** Data for processing follows **

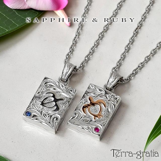 ハワイアン ペアネックレス ステンレス 刻印 ホヌ ウミガメ サファイア ルビー 金属アレルギー ギフト プレゼント 誕生日 記念日 ホワイトデー クリスマス ペア お揃い カップル
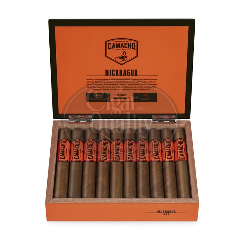 Les cigares Camacho Nicaragua Toro sont forgés dans le feu du Nicaragua. Fabriqués avec un savoir-faire sans compromis, nos mélangeurs utilisent les saveurs écrasantes et uniques du Nicaragua pour créer un mélange extrêmement complexe avec une expérience gustative incomparable. Certaines choses ne peuvent pas être apprivoisées. Ces cigares en font certainement partie. Le contrôle du volume à l’arrêt et la pédale d’accélérateur pied au plancher ont été l’inspiration pour regrouper les saveurs sucrées et de chêne du sol volcanique dans ces blocs d’alimentation et faire battre plus vite le cœur des connaisseurs de Camacho.
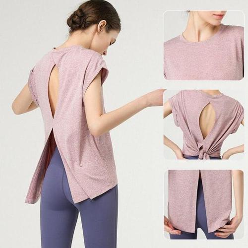 SIS-832 필라폴웨어 엑스반팔티절개셔츠 뒷절개 필라테스 웨어 상의 요가복상의
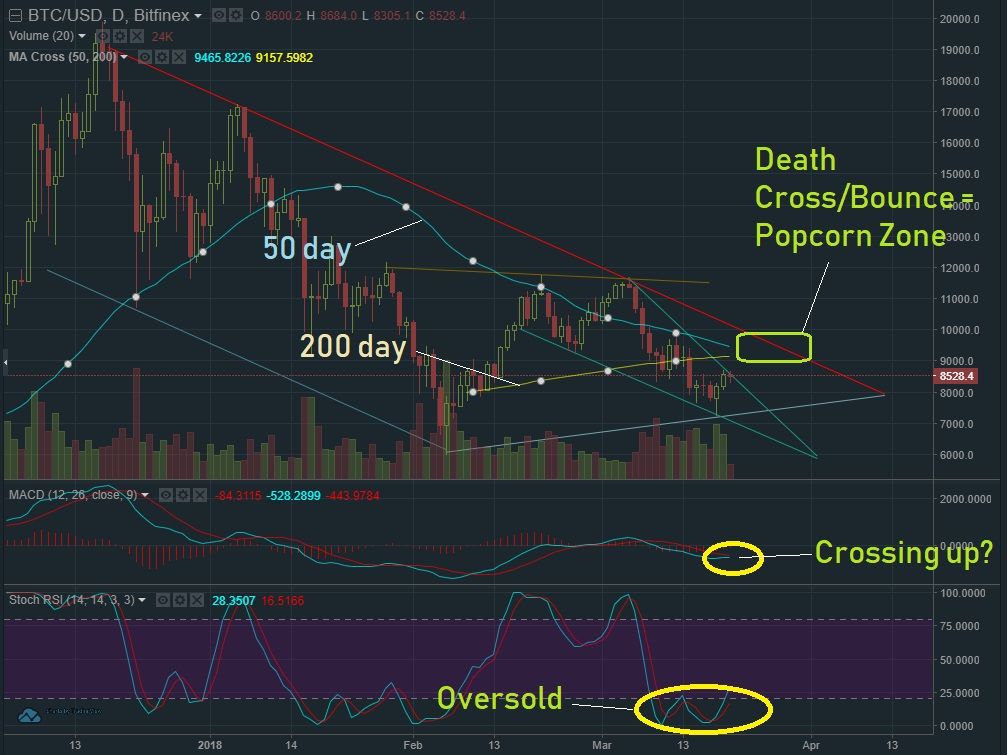 If we back out to the daily view for a look at where we may go longer term, it is a Dickens novel really (Tale of Two Cities? nyuk nyuk! Classic! https://en.wikipedia.org/wiki/A_Tale_of_Two_Cities) The RSI is fairly under-bought and undervalued with room to go up and the MACD is threatening to cross up which would be a nice pump. The cautionary tale is the looming possibility of the Death Cross (when the 50-day average crosses the 200-day average downwards) which would signal a larger drop (down to the tip of the Wedge?) Adversely, if the volume and the sentiment continues, the 50 could bounce off of the 200 and we would be headed to crypto spring in a nice fashion. So, be patient and NO FOMO!
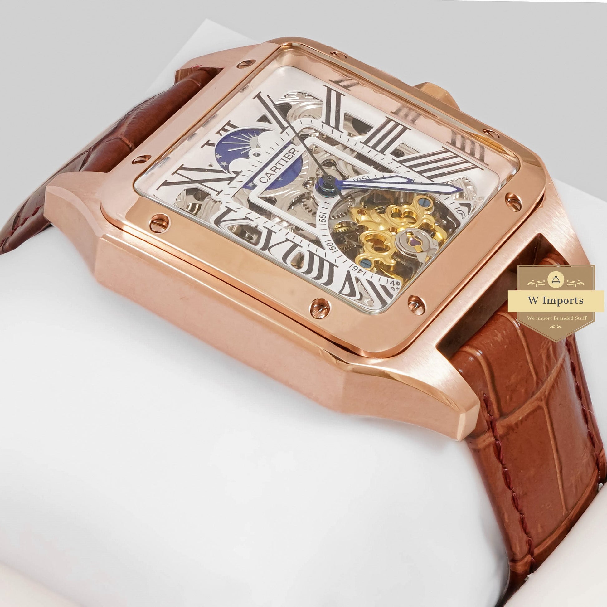 LATEST COLLECTION TOURBILLON MOON PHASE ROSE GOLD CASE WITH WHITE SKELETON DIAL & BROWN LEATHER STRAP

** End of Data for processing **

Without including any pictures, please restate all the records exactly.

 ハワイアン ペアネックレス ステンレス 刻印 ホヌ ウミガメ サファイア ルビー 金属アレルギー ギフト プレゼント 誕生日 記念日 ホワイトデー クリスマス ペア お揃い カップル
 Les cigares Camacho Nicaragua Toro sont forgés dans le feu du Nicaragua. Fabriqués avec un savoir-faire sans compromis, nos mélangeurs utilisent les saveurs écrasantes et uniques du Nicaragua pour créer un mélange extrêmement complexe avec une expérience gustative incomparable. Certaines choses ne peuvent pas être apprivoisées. Ces cigares en font certainement partie. Le contrôle du volume à l’arrêt et la pédale d’accélérateur pied au plancher ont été l’inspiration pour regrouper les saveurs sucrées et de chêne du sol volcanique dans ces blocs d’alimentation et faire battre plus vite le cœur des connaisseurs de Camacho.
 SIS-832 필라폴웨어 엑스반팔티절개셔츠 뒷절개 필라테스 웨어 상의 요가복상의
 If we back out to the daily view for a look at where we may go longer term, it is a Dickens novel really (Tale of Two Cities? nyuk nyuk! Classic! https://en.wikipedia.org/wiki/A_Tale_of_Two_Cities) The RSI is fairly under-bought and undervalued with room to go up and the MACD is threatening to cross up which would be a nice pump. The cautionary tale is the looming possibility of the Death Cross (when the 50-day average crosses the 200-day average downwards) which would signal a larger drop (down to the tip of the Wedge?) Adversely, if the volume and the sentiment continues, the 50 could bounce off of the 200 and we would be headed to crypto spring in a nice fashion. So, be patient and NO FOMO!
 LATEST COLLECTION TOURBILLON MOON PHASE ROSE GOLD CASE WITH WHITE SKELETON DIAL & BROWN LEATHER STRAP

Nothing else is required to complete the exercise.